Nikolaus von Twickel

Summary

Industrial production in the “people’s republics” has widely ceased after local leaders took control of all Ukrainian-run plants in their territory, officially in response to the trade blockade on government-held territory. The separatists downplayed fears over the economic fallout and even launched a campaign to woo the people living in the government-controlled parts of Donetsk and Luhansk regions. In a positive move, a fresh ceasefire attempt began on April 1.

 

  1. Effects of the blockade and “external administration”

Reports in both Ukrainian and separatist-controlled media suggest that much of the remaining industrial production in both the Donetsk and Luhansk “people’s republics” has ground to a halt after 1 March, when the separatists began to force local plants under their own control.

The move was meant to improve the separatist “republics’” finances because the plants continued to pay taxes in Ukraine, where their owners, first and foremost influential oligarch Rinat Akhmetov, are based. But it might turn out to be a Pyrrhic victory for the separatists, because they must find new markets in recession-hit Russia, capable management in their isolated and deprived regions and, first and foremost, cash to keep operations going.

Managers at the Yenakiieve Metallurgy Plant told staff on March 30 that production won’t be resumed before the end of August, according to social media posts picked up in Ukrainian media.

To restart the huge plant with more than 5,300 workers would cost 584 million Russian rubles (about 10 million US dollars) per day, according to a report by the Donetsk “Ministry” for Industry and Trade that was published by the official DAN news site on March 25. After being widely quoted by Ukrainian media, the report vanished from DAN’s website but remains accessible via Google cache.
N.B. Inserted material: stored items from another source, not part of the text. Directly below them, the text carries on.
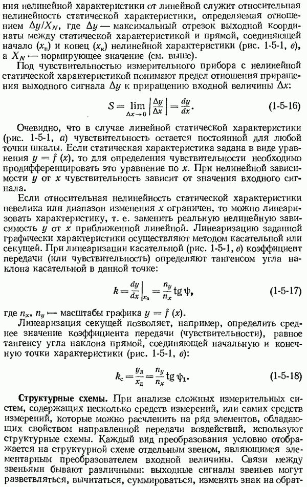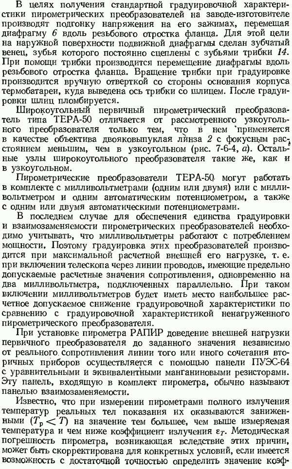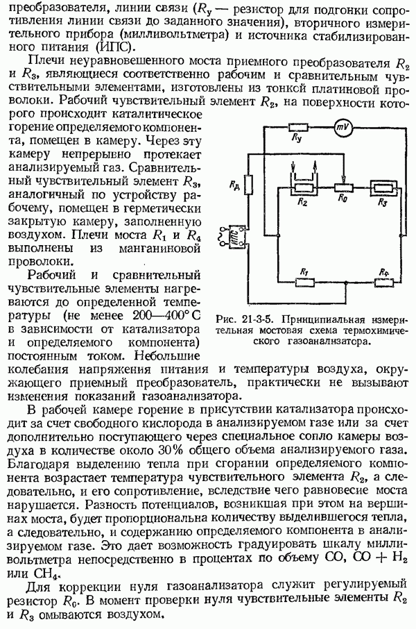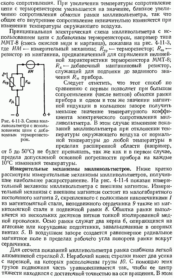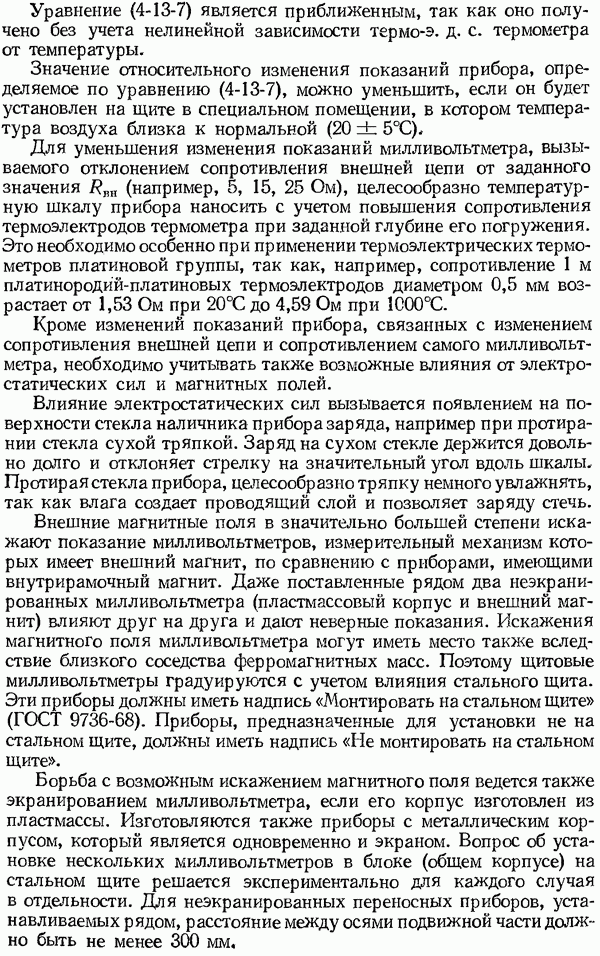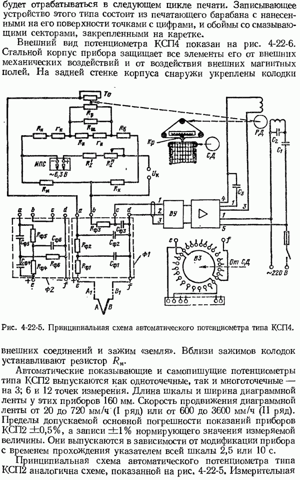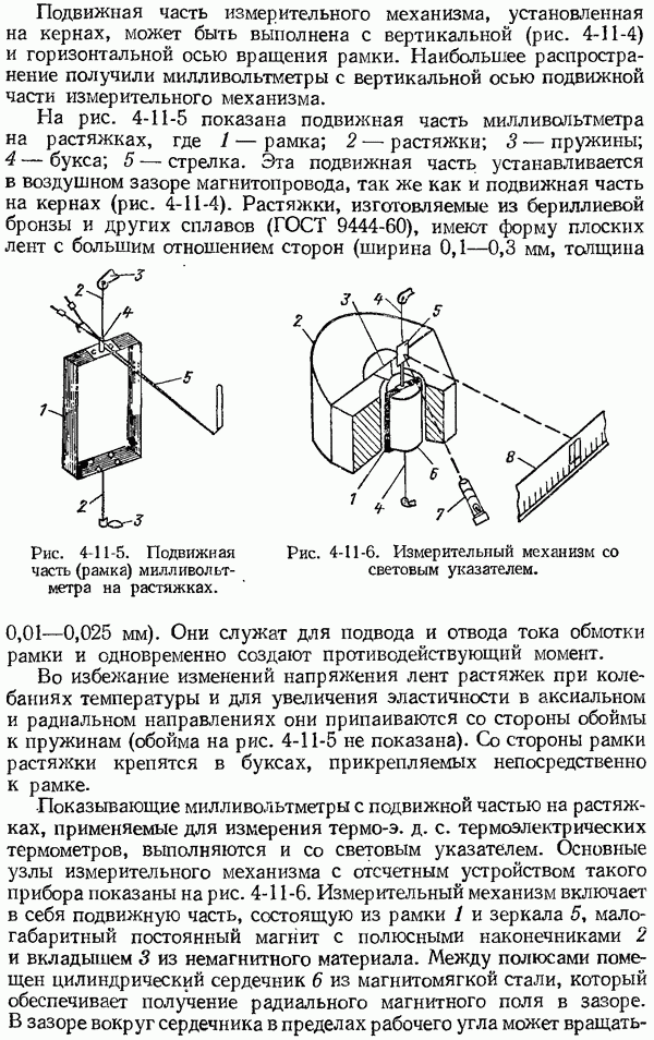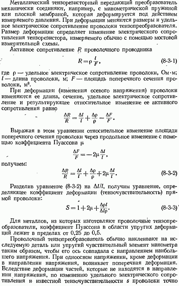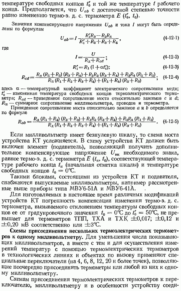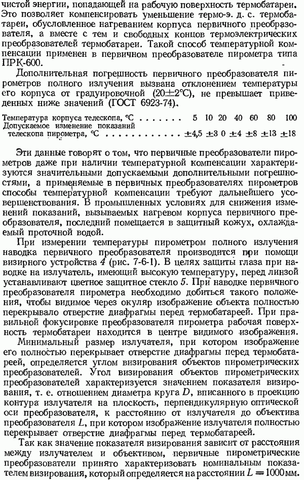 Рис. 8-11-2. Схема устройства пневматического передающего преобразователя. Пневматический передающий преобразователь со схемой, показанной на рис. 8-11-2, устанавливается в качестве дополнительного устройства в манометрических термометрах, выпускаемых казанским заводом «Теплоконт-роль». В основу построения этого пневматического передающего преобразователя положен принцип силовой компенсации. Угол поворота выходной оси 1 прибора посредством тяги 2, поводков 3 и 4, рычага 5 и цилиндрической пружины 7 передается на свободный конец манометрической пружины 6 устройства обратной связи. При повороте оси 1 свободный конец манометрической пружины, перемещаясь под действием усилия дистанционнои передачи и одновременно в манометрическую пружину устройства обратной связи, где преобразуется в пропорциональное усилие обратной связи Мерой усилия Заслонка индикатора рассогласования имеет максимальный рабочий ход примерно Пневматический преобразователь снабжен корректором нуля, с помощью которого устанавливается начальное значение выходного сигнала Пределы допускаемых основной и дополнительных погрешностей пневматических передающих преобразователей нормируются в зависимости от типа и класса точности манометрического термометра. В основу построения пневматических передающих преобразователей для преобразования угла поворота оси манометров, дифманометров типа
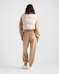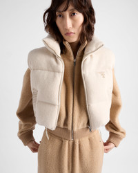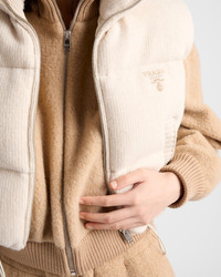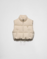 This wool and cashmere vest, a hybrid design blending functionality and sophistication, is characterized by the stand-up collar and goose down padding that gives the style a soft volume. - Codigo de producto: 29M056_1Y02_F0304_S_OOO - Goose down padding - Stand-up collar - Zipper closure - Welt zipper pockets - Elasticized drawstring hem - Enameled metal triangle logo - Lightweight Re-Nylon lining - Internal zipper pocket - Regular fit: true to size - Importado Altura: 45cm MATERIALS Wool
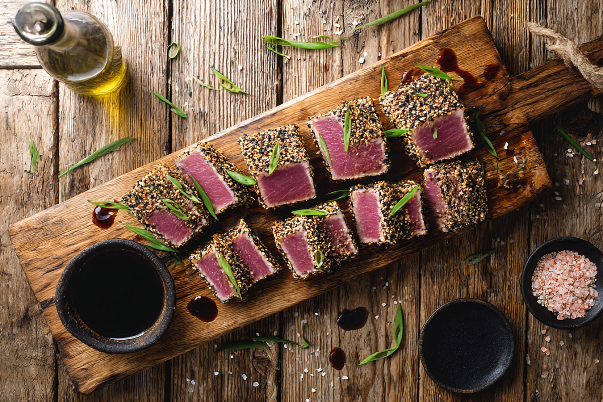 Такой тунец хорош и как тёплая закуска, и как лёгкий ужин. Готовится он буквально на глазах: пока разогревается сковорода, можно спокойно довести рыбу до комнатной температуры, смешать кунжут, перец и соль. Главное здесь — не пересушить стейк, оставить сердцевину прохладной и розовой, тогда вкус получается очень деликатным, а структура — мягкой и сочной. Пошаговый рецепт Шаг 1. Подготовьте тунец. Свежемороженый стейк тунца полностью разморозьте и дайте ему полежать при комнатной температуре, чтобы он прогрелся внутри. Это важно, чтобы рыба прожарилась ровно и не была ледяной в центре. Шаг 2. Разогрейте сковороду. Поставьте сковороду-гриль на огонь, налейте немного растительного масла и хорошо прогрейте поверхность. Масло должно лишь слегка покрывать дно, а не плавать лужей. Шаг 3. Приготовьте смесь для панировки. В тарелку высыпьте кунжут, добавьте чёрный перец и розовую соль, слегка перемешайте. Это будет ароматная смесь для одной стороны стейка. Шаг 4. Обваляйте тунец. Возьмите стейк
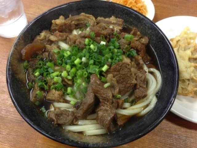醬油湯底烏龍麵+大量的滷製牛筋+牛頰肉
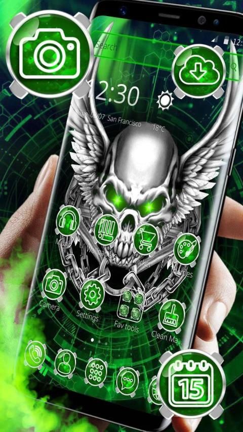 Tampilan Baru - Coba Tema Green Metallic Skull untuk memberikan tampilan baru ke ponsel android Anda.
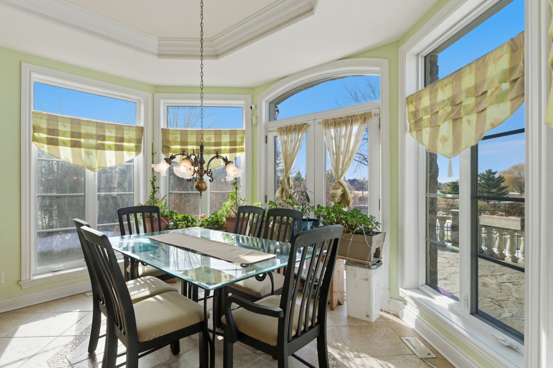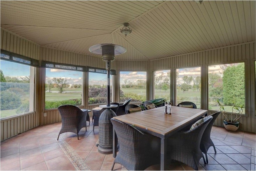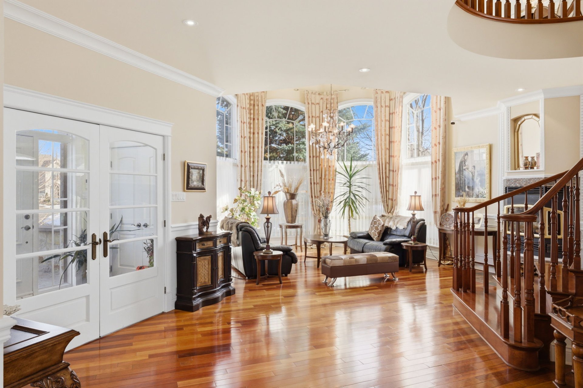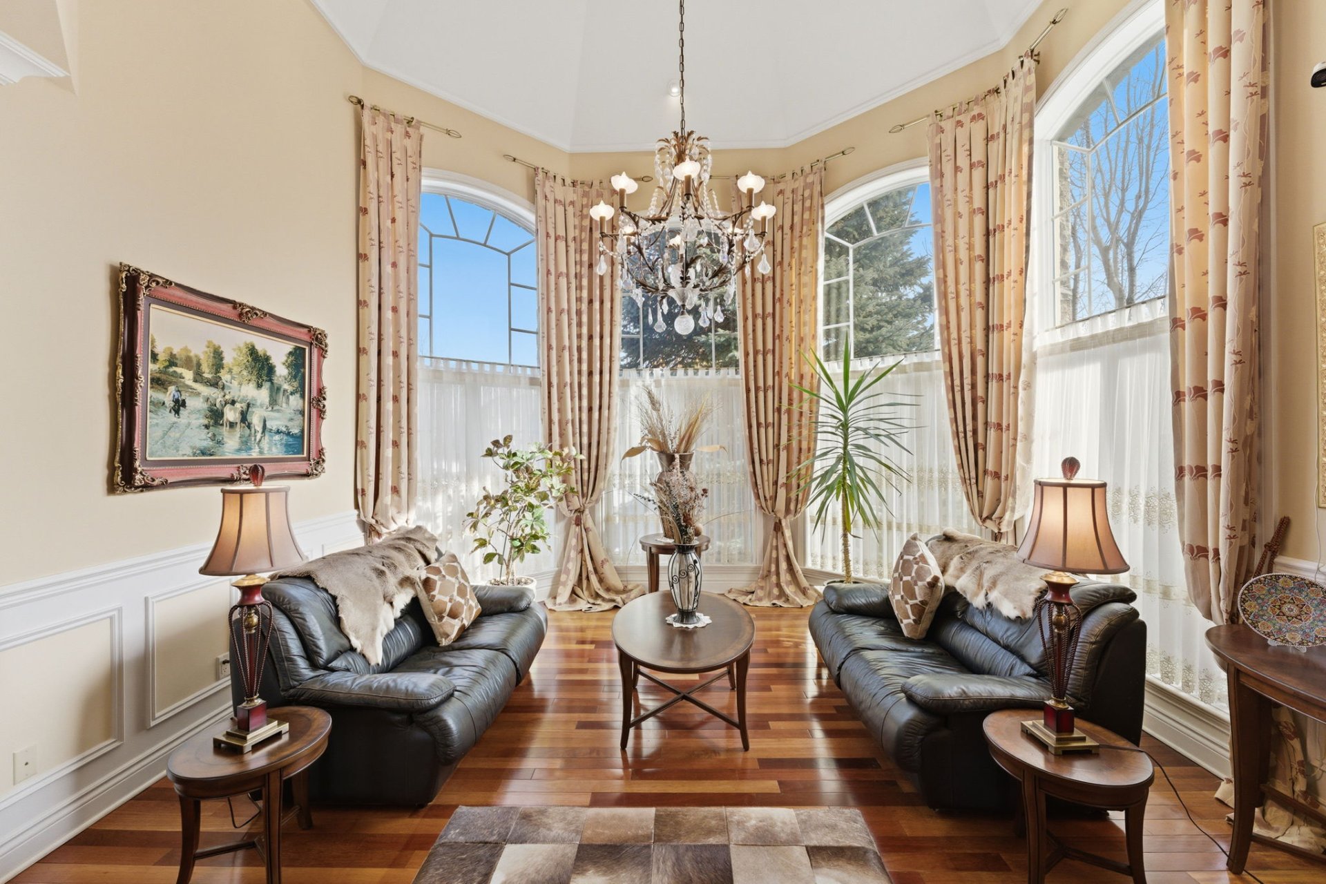 - Salon situé dans la tourelle, inondé de lumière naturelle par ses immenses fenêtres, plafond de près de 20 pieds, foyer à combustion lente;
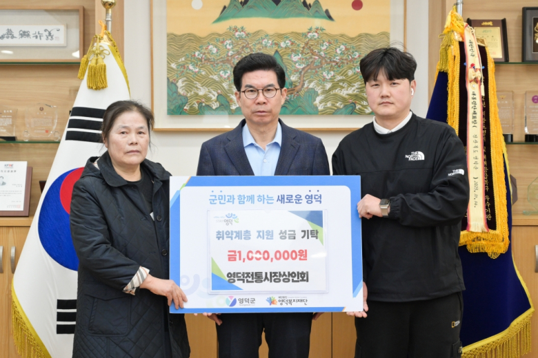 영덕전통시장상인회가 지역사회와 상생하기 위해 지난 9일 김광열 영덕군수를 만나 어려운 이웃에게 전달해 달라며 성금 100만원을 맡겼다. 상인회 구다남 회장은 “지난 21년 화재로 삶의 터전을 잃은 상인들이 지역사회와 이웃들의 도움으로 다시 일어서게 됐듯이 이제는 우리 상인회가 지역사회와 이웃들에게 작은 도움의 손길을 전하려 한다”라고 말했다.
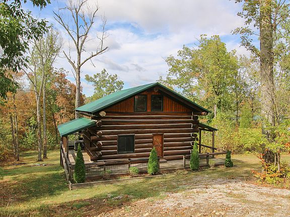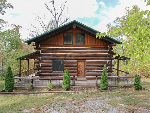 There are log cabins & then there are LOG CABINS! This waterfront log cabin separates itself from the typical log cabin we tend to love at the lake! It was custom built by its current owners using hand selected, massive poplar logs & more than a mile of rebar! The metal roof means low maintenance as it covers the wrap around porch offering the cabin a great deal of protection from the weather. Upstairs you'll find 2 separate bedrooms with large viewing windows, built-in bench seating & roomy closets. The main floor offers a full bath, bright living room & a kitchen that's open to the dining area. The spiral staircase adds a touch of whimsy as it leads you to the finished, walkout basement the owners call their master suite. There you'll find a spacious sleeping area, full bath, laundry closet & an extra room that could be used as a walk-in closet, office or extra sleeping room for guests. Out front there's plenty of off street parking available & even room for a garage or shed. Out back, there's a large deck & a covered patio area for extra outdoor living space. The level backyard provides a great spot for a fire pit, Cornhole tournaments & a place for the kids to play. To the left of the backyard's tree line, you can easily create a gentle access path that will lead you right to the dock string below the property. There's also some room above the redline to improve that view of the lake. This property is located near the Cave Creek & Sandy Beach areas of the lake by boat & about 15 minutes from Leitchfield by land. Dock possible with COE approval. Sellers are encouraging your offer so don't let your family miss out on this truly unique, one of a kind, log cabin & call the listing agent today!
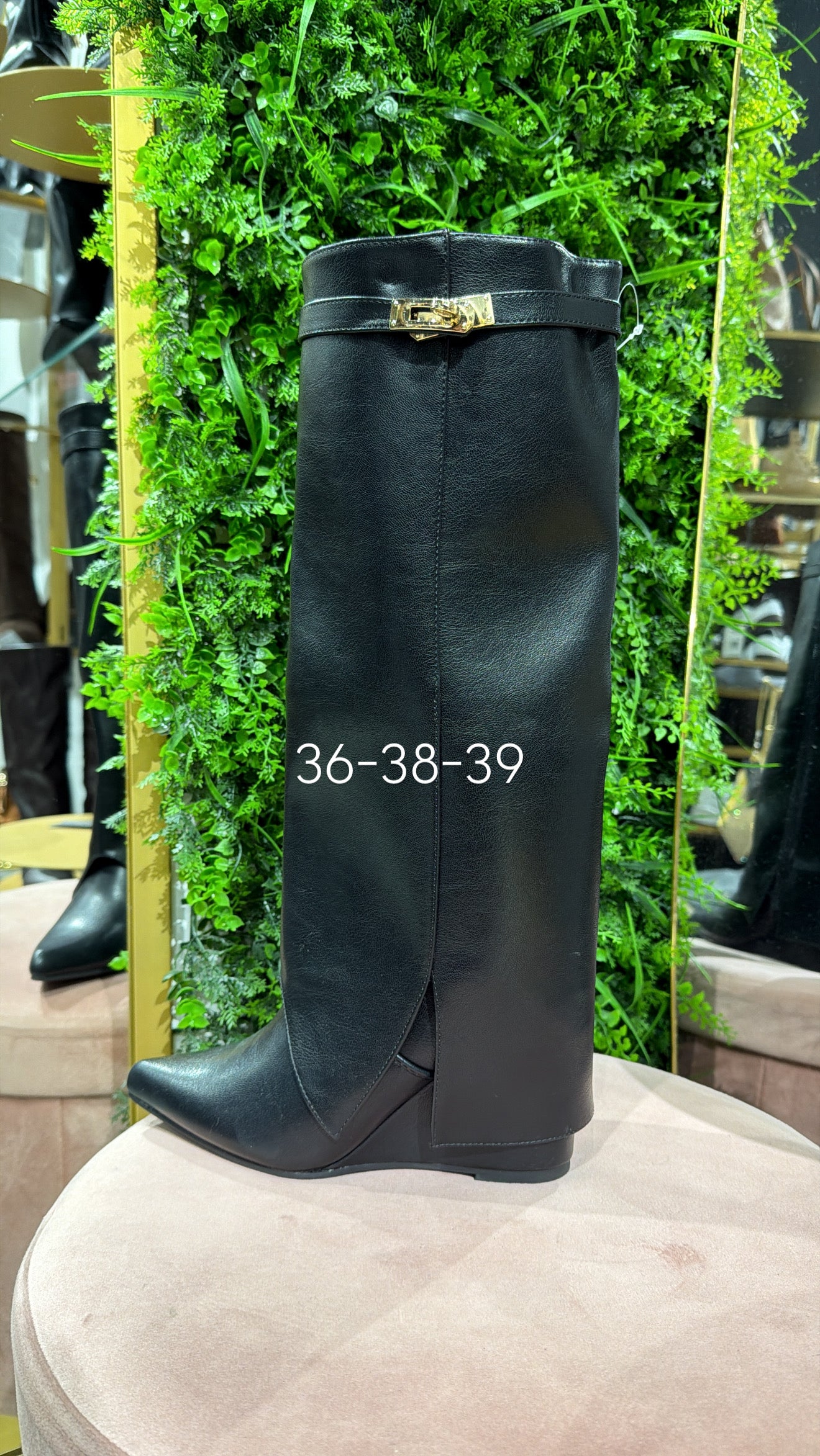 Stivali modello Gvnchy,effetto pelle con fibbia oro

The reasons for the article’s removal is not hard to gauge – even locals will find it difficult to believe that the Donetsk “people’s republic” (”DNR”) can currently afford such costs, let alone those for the other 42 plants on its territory affected by the move. Both the “DNR’s” and the neighbouring Luhansk “people’s republic’s” (“LNR”) finances are thought to depend almost totally on Russia (see our Annual Report, p. 9) and it is unlikely that Moscow is ready to step up its already considerable subsidies in the near future.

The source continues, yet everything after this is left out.